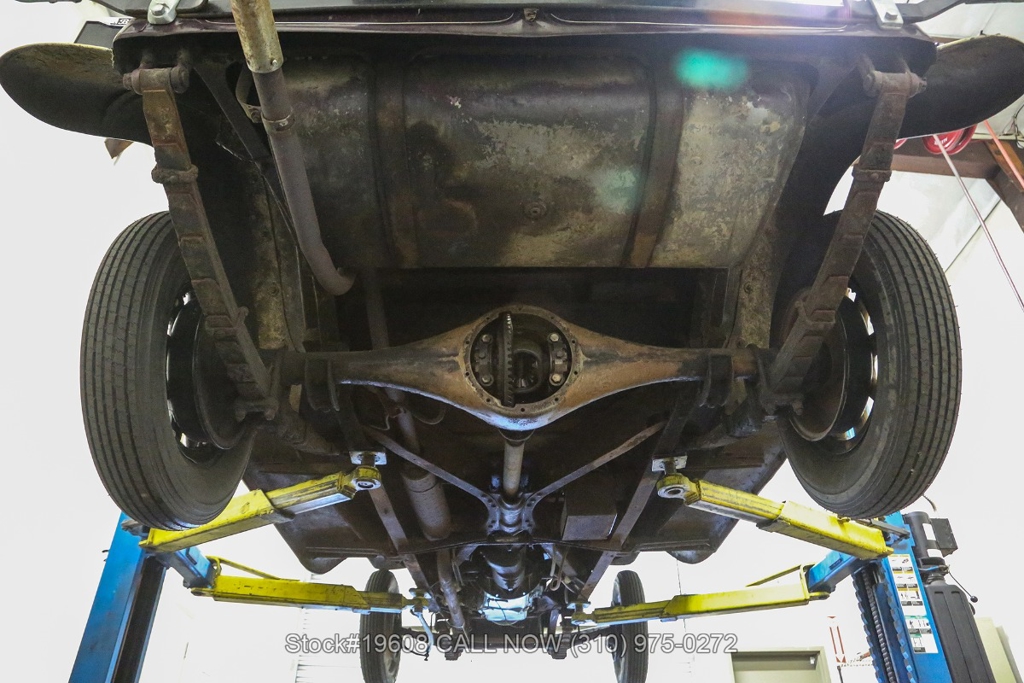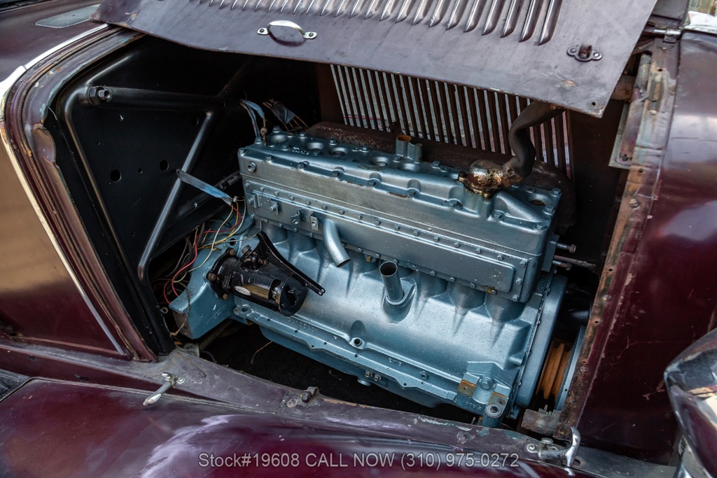 This Auburn is equipped with an inline eight-cylinder engine paired to a 3-speed manual gearbox, along with period-correct features such as chrome-plated headlamps, cowl lamps, a single exhaust outlet, and a three-spoke steering wheel. The exterior details, chrome trim, bumpers, rear-hinged "suicide" rear doors, and solar-style chrome headlights complement the car's formal presence, while it rides on 17-inch artillery-style wood-spoke wheels fitted with Lester tires.
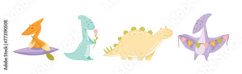 Cute Comic Dinosaur Do Different Activity Vector Set
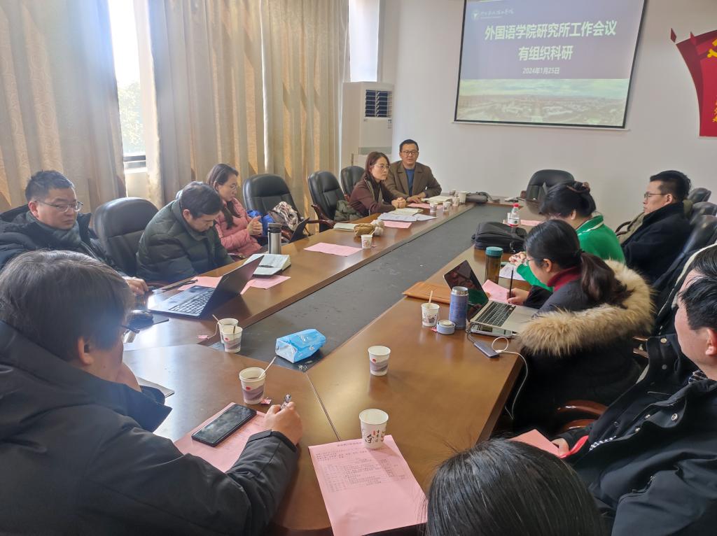 2024年1月25日,外国语学院以“有组织科研建设交流”为主题召开了研究所工作会议。学院党委书记刘群娣、执行院长蔡亮、院长助理林晶晶、学术委员会委员陆莺,各研究所和平台负责人参加了会议。会议由院长助理张华主持。

_WORK REQUIRED_
Starting at the first line of the data, set down each line exactly until you have copied the line with "Cute Comic Dinosaur", but leave the pictures out.

_RESPONSE FOR THIS EXERCISE_
 This Auburn is equipped with an inline eight-cylinder engine paired to a 3-speed manual gearbox, along with period-correct features such as chrome-plated headlamps, cowl lamps, a single exhaust outlet, and a three-spoke steering wheel. The exterior details, chrome trim, bumpers, rear-hinged "suicide" rear doors, and solar-style chrome headlights complement the car's formal presence, while it rides on 17-inch artillery-style wood-spoke wheels fitted with Lester tires.
 Cute Comic Dinosaur Do Different Activity Vector Set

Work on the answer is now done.